What needs to be done: In the listing that follows, find the line with "For example, if", then copy exactly from it through the line with "其次分别从技能和升学两条发展", leaving out every picture.

Records for the exercise:
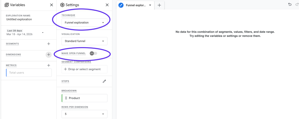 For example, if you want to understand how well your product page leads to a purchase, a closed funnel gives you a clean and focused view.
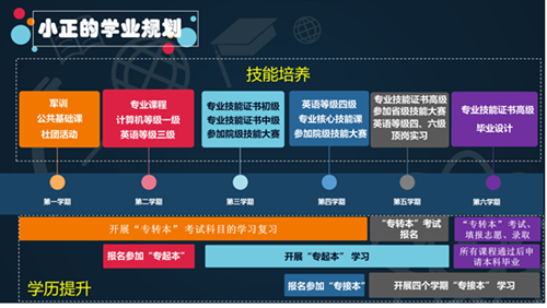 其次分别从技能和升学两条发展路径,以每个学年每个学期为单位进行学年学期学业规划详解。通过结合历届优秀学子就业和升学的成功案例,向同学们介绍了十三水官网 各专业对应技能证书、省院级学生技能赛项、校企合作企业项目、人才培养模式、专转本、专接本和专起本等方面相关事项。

--

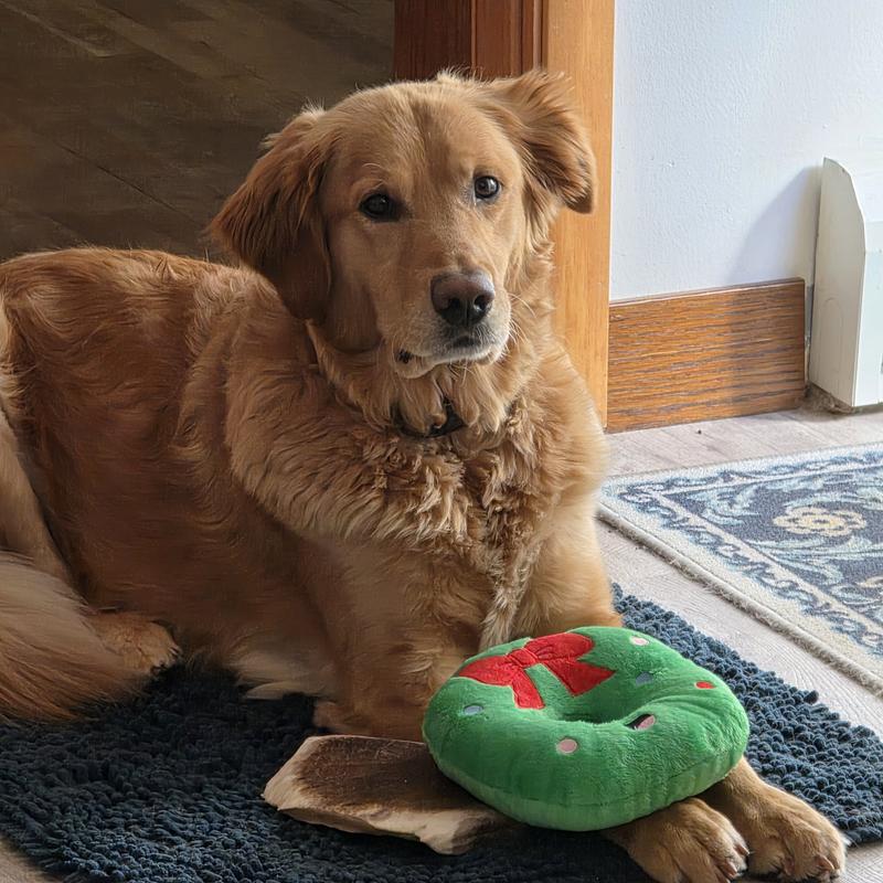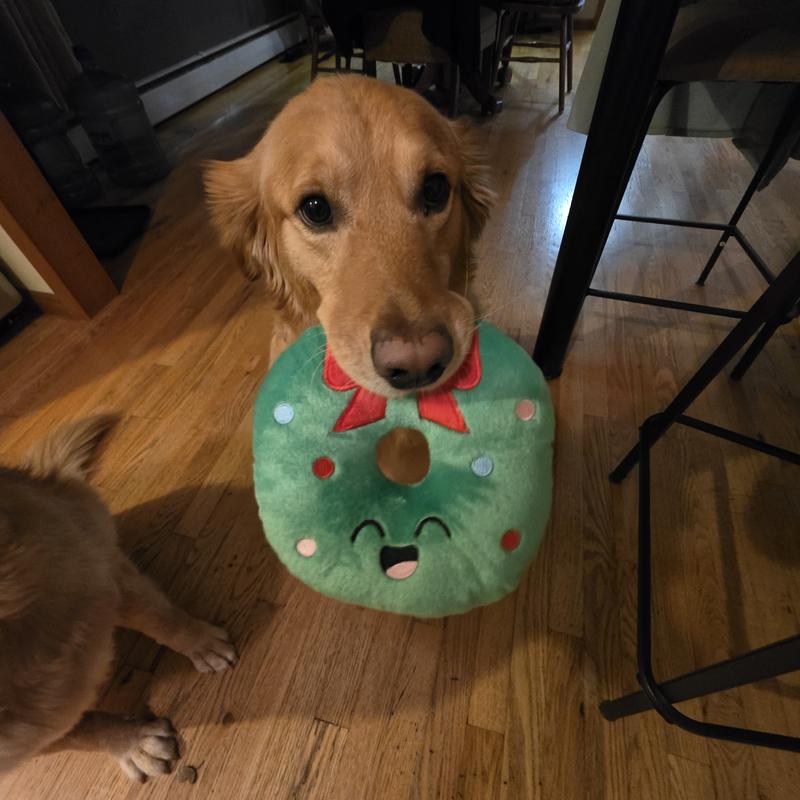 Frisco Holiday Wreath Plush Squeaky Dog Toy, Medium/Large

Problem solution:
 For example, if you want to understand how well your product page leads to a purchase, a closed funnel gives you a clean and focused view.
 其次分别从技能和升学两条发展路径,以每个学年每个学期为单位进行学年学期学业规划详解。通过结合历届优秀学子就业和升学的成功案例,向同学们介绍了十三水官网 各专业对应技能证书、省院级学生技能赛项、校企合作企业项目、人才培养模式、专转本、专接本和专起本等方面相关事项。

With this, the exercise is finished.